§ **Task item**: Only the lines from the one containing "فستان اسود ماسك ع جسم" through the final line below belong in the output, copied exactly and without pictures.

§ **Dataset extract**:
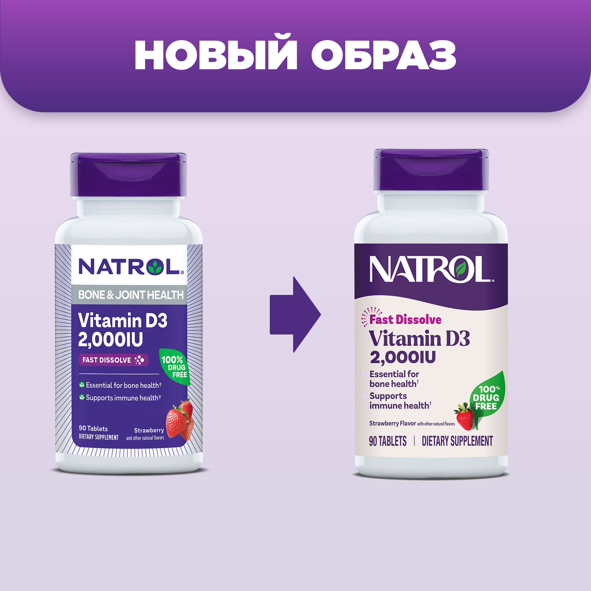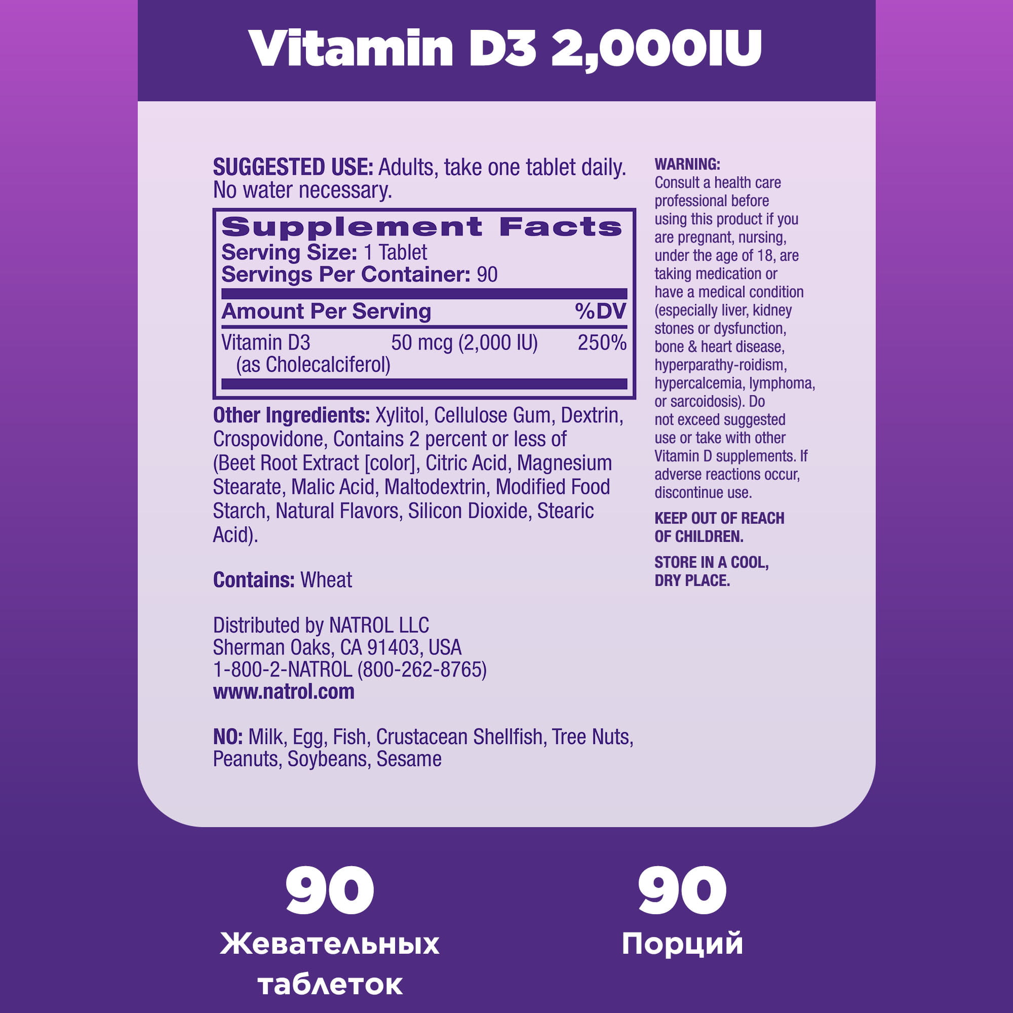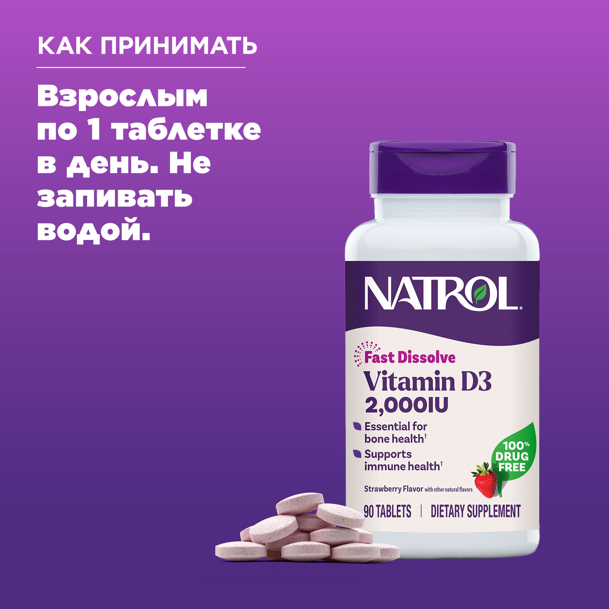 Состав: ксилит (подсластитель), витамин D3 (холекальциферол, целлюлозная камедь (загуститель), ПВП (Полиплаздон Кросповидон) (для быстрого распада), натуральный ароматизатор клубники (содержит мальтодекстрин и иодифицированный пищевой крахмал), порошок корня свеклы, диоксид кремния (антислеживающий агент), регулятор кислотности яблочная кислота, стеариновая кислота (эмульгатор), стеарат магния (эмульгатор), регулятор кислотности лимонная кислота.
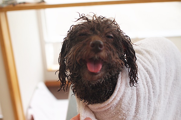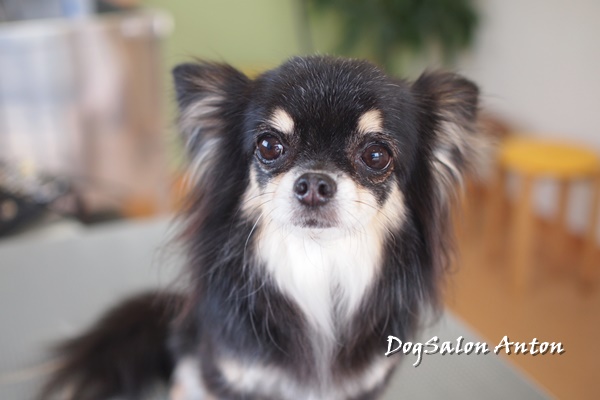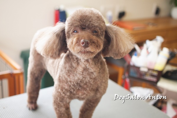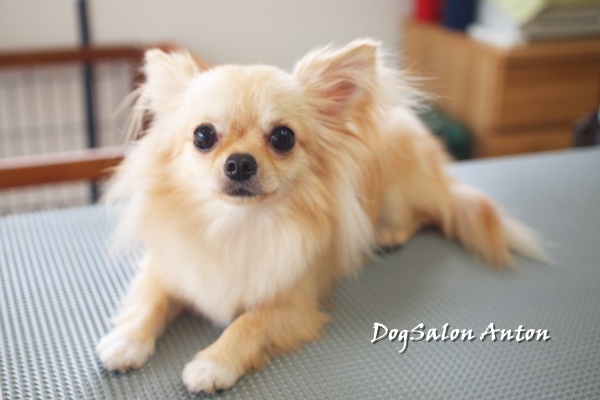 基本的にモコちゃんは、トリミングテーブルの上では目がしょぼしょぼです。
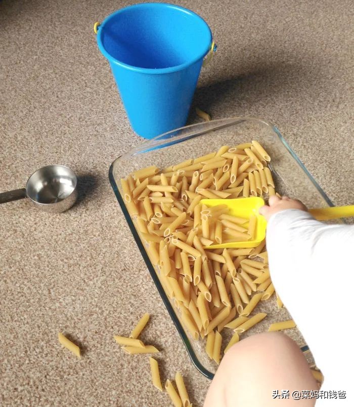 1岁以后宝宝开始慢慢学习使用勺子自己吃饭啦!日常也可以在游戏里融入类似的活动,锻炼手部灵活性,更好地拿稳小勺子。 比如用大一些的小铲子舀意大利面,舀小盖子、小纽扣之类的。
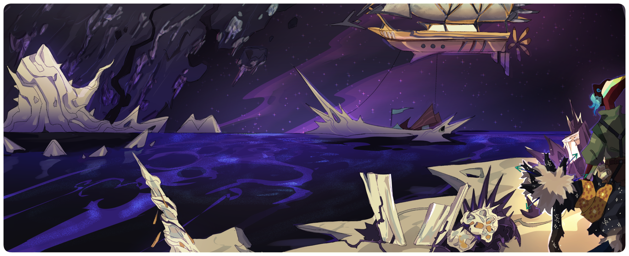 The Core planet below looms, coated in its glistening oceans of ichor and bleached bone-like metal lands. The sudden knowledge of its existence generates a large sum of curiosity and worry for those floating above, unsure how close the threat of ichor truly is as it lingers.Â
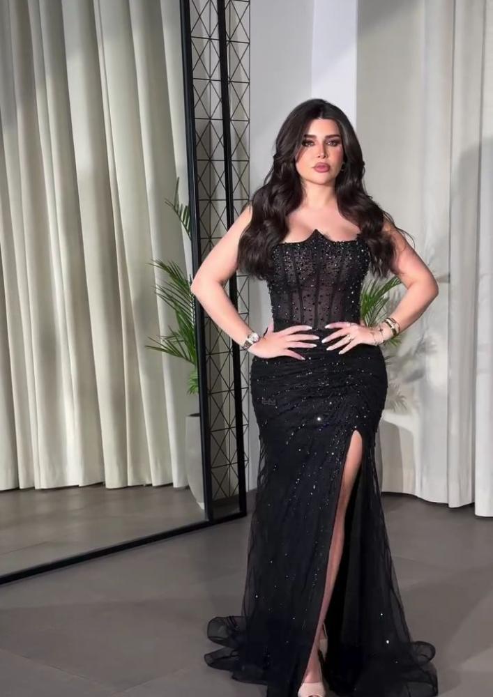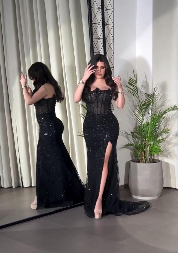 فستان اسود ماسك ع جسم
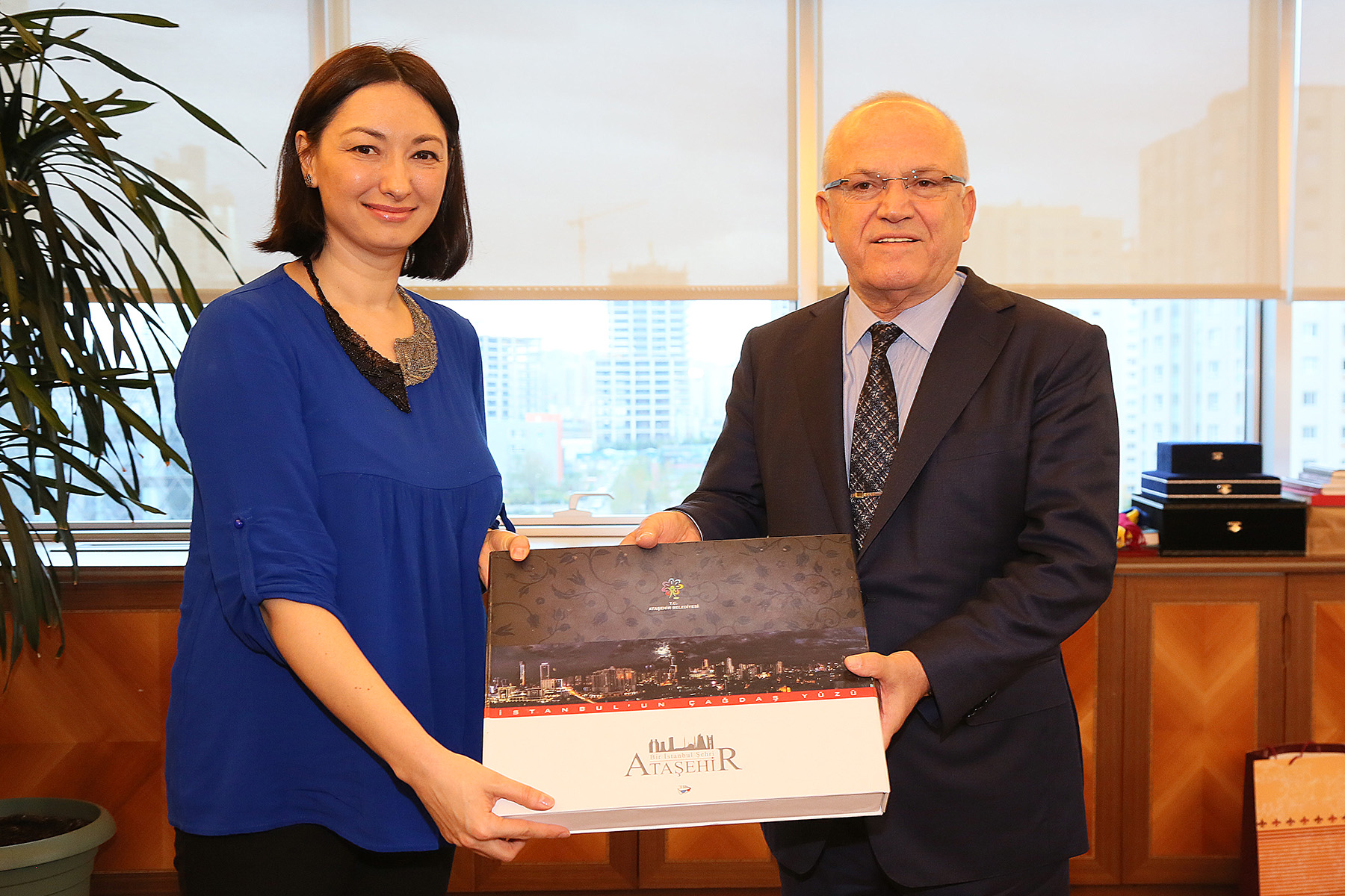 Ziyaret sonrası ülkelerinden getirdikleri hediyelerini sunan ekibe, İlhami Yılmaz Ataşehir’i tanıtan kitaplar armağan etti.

§ **Expected output**:
 فستان اسود ماسك ع جسم
 Ziyaret sonrası ülkelerinden getirdikleri hediyelerini sunan ekibe, İlhami Yılmaz Ataşehir’i tanıtan kitaplar armağan etti.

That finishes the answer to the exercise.